Note: Section 5G may be relevant for determining family relationships for the purposes of this section.
5L Membership of a particular social group other than family
For the purposes of the application of this Act and the regulations to a particular person, the person is to be treated as a member of a particular social group (other than the person’s family) if:
(a) a characteristic is shared by each member of the group; and
(b) the person shares, or is perceived as sharing, the characteristic; and
(c) any of the following apply:
(i)the characteristic is an innate or immutable characteristic;
(ii)the characteristic is so fundamental to a member’s identity or conscience, the member should not be forced to renounce it;
(iii)the characteristic distinguishes the group from society; and
(d) the characteristic is not a fear of persecution.
5LA Effective protection measures
(1)For the purposes of the application of this Act and the regulations to a particular person, effective protection measures are available to the person in a receiving country if:
(a) protection against persecution could be provided to the person by:
(i)the relevant State; or
(ii)a party or organisation, including an international organisation, that controls the relevant State or a substantial part of the territory of the relevant State; and
(b) the relevant State, party or organisation mentioned in paragraph (a) is willing and able to offer such protection.
(2)A relevant State, party or organisation mentioned in paragraph (1)(a) is taken to be able to offer protection against persecution to a person if:
(a) the person can access the protection; and
(b) the protection is durable; and
(c) in the case of protection provided by the relevant State—the protection consists of an appropriate criminal law, a reasonably effective police force and an impartial judicial system.
..
36Protection visas – criteria provided for by this Act
…
(2A)A non‑citizen will suffer significant harm if:
(a) the non‑citizen will be arbitrarily deprived of his or her life; or
(b) the death penalty will be carried out on the non‑citizen; or
(c) the non‑citizen will be subjected to torture; or
(d) the non‑citizen will be subjected to cruel or inhuman treatment or punishment; or
(e) the non‑citizen will be subjected to degrading treatment or punishment.
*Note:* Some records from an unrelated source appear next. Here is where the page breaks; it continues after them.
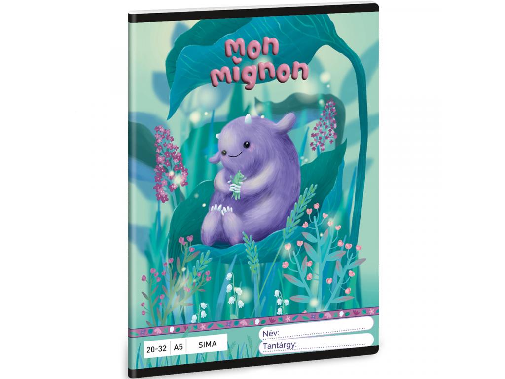 A Mon Mignon sima füzet A/5 20-32 igazi varázslatos hangulatot csempész gyermeked iskolai napjaiba. A borítón egy aranyos, lila színű, kedves szörnyecske üldögél egy mesebeli erdő közepén, körülötte színes virágokkal és levelekkel. Ez a bájos grafika nemcsak vidámságot sugároz, hanem ösztönzi is a gyerekek kreativitását, miközben jegyzetelnek, rajzolnak vagy álmodoznak a füzet lapjain.
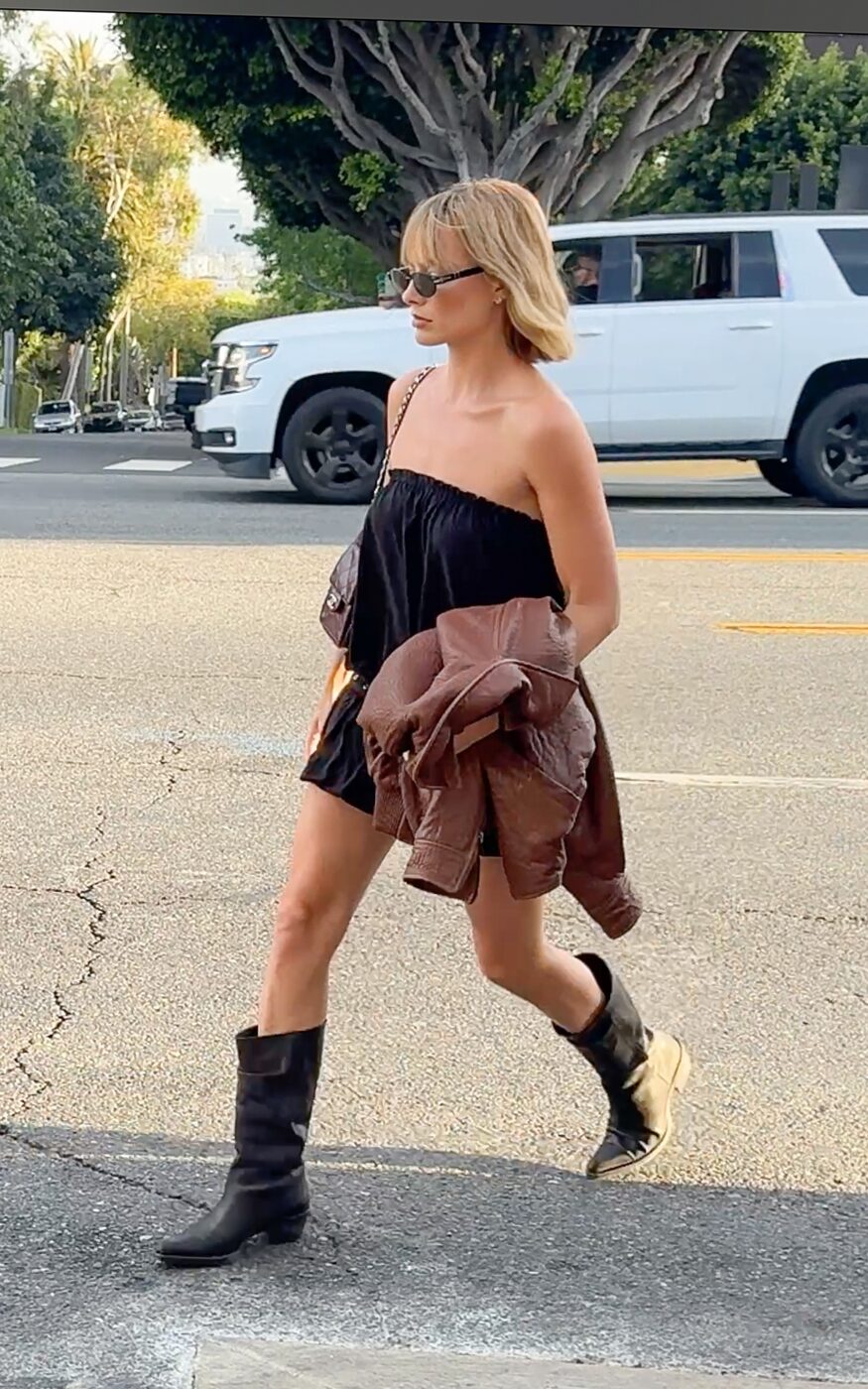 마고 로비 또한 웨스턴 무드를 더한 드레스와 벨트의 조합에 발을 들였어요. 오프 숄더 디자인의 미니 주름 장식 드레스는 복고 분위기를 물씬 풍기죠. 베이비돌 라인의 드레스를 그냥 입는 다면 유치해 보일지 모릅니다. 여기에 스터드 디테일의 블랙 레더 벨트로 허리를 잡아줘 2000년대 감성을 연출했어요. 웨스턴 부츠와 레더 재킷으로 완벽한 마무리를 선보였죠.
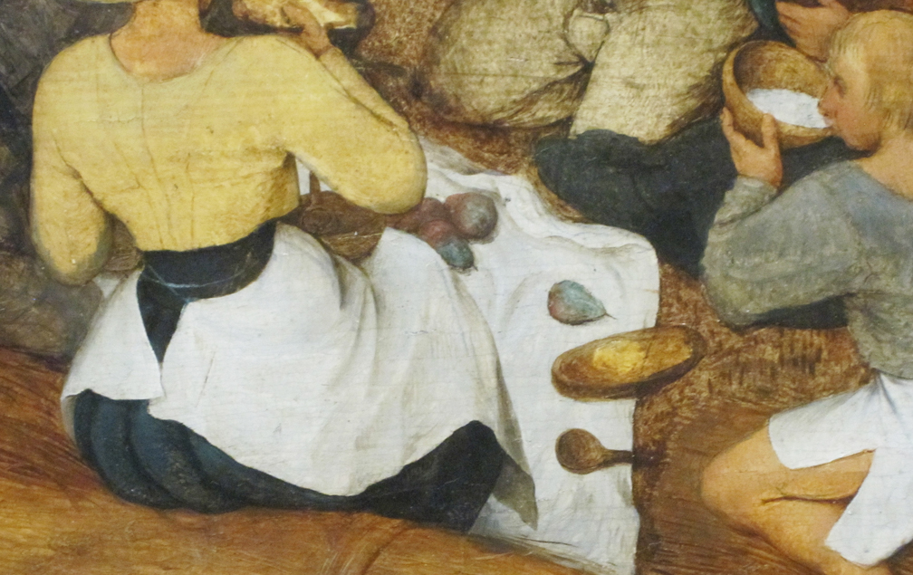 Of course we see the group having lunch, one guy snoozing. But check out this little detail of pears, dish, spoon.
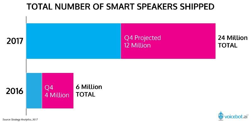 2017年智能音箱出货量 - 数据源自Strategy Analytics
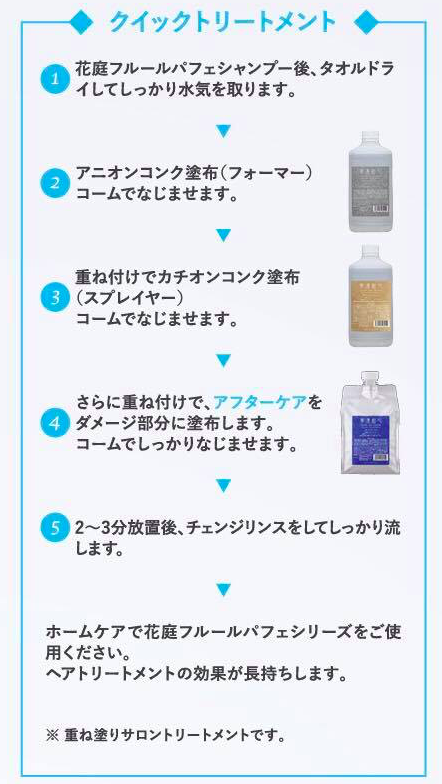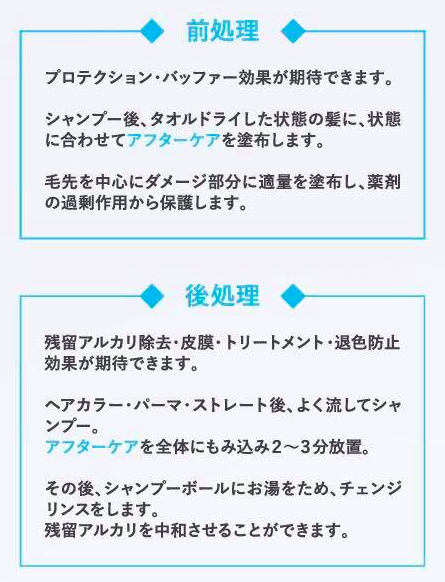 アルカリ除去・被膜形成・キューティクル補修 被膜形成力があり、キューティクルのひび割れ等を防ぎ、毛髪表面をなめらかにします。 また、リピジュア_配合により毛髪表面にナノスケールのラメラ層を形成し、再疎水化によるダメージ修復、ヘアカラーの色落ち防止など優れた機能を発揮します。 水分・油分の保持性が高まり毛髪の感想を防ぎます。
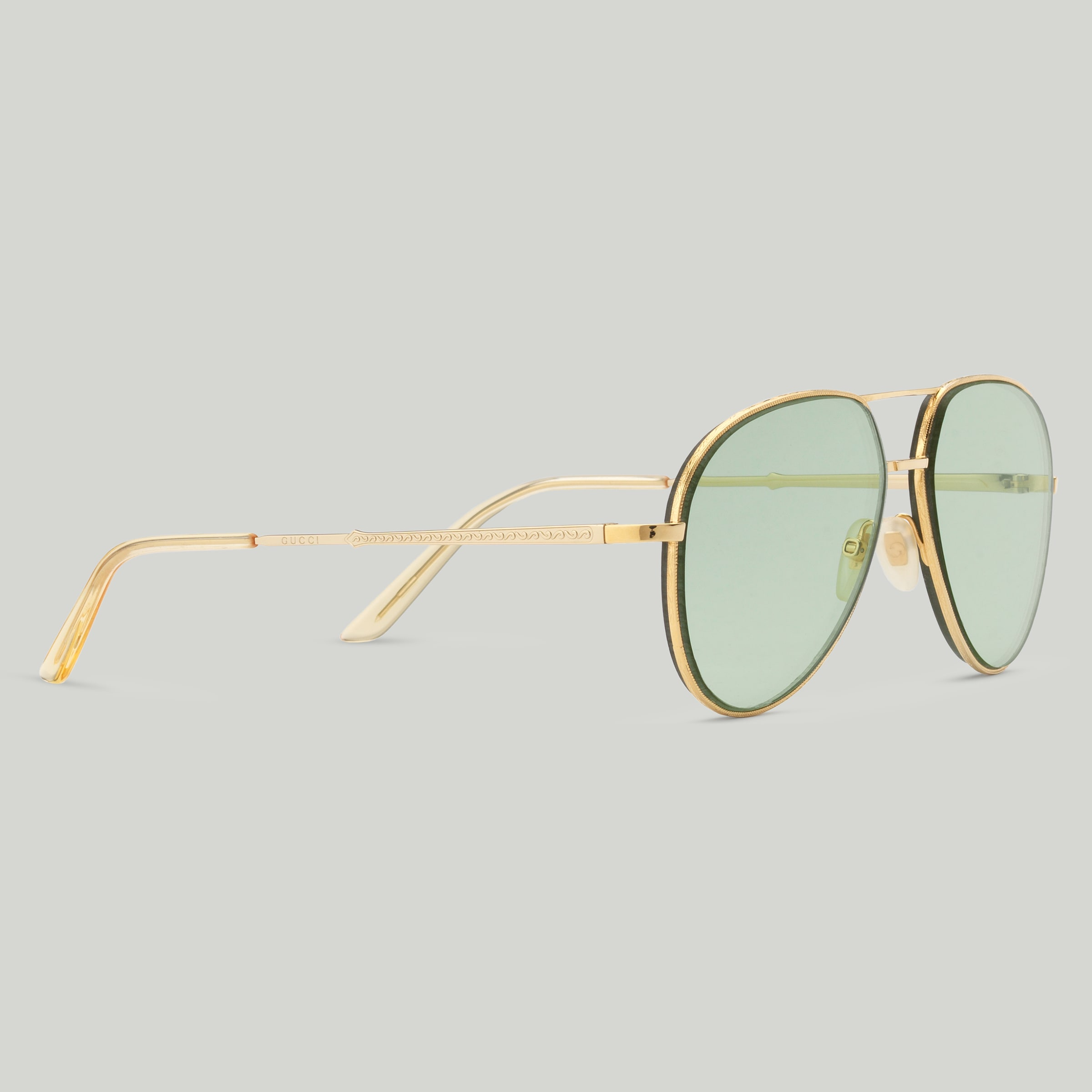 Gucci Aviator Metal Sunglasses GG0356S embody a perfect blend of modernity and elegance. The aviator design, enhanced by metal frames, exudes sophistication. The Gucci logo on the temples showcases its luxury appeal. With 100% UV protection, these sunglasses are as practical as they are stylish. A timeless accessory for those seeking a touch of fashion-forward refinement.

(2B)However, there is taken not to be a real risk that a non‑citizen will suffer significant harm in a country if the Minister is satisfied that:
(a) it would be reasonable for the non‑citizen to relocate to an area of the country where there would not be a real risk that the non‑citizen will suffer significant harm; or
(b) the non‑citizen could obtain, from an authority of the country, protection such that there would not be a real risk that the non‑citizen will suffer significant harm; or
(c) the real risk is one faced by the population of the country generally and is not faced by the non‑citizen personally.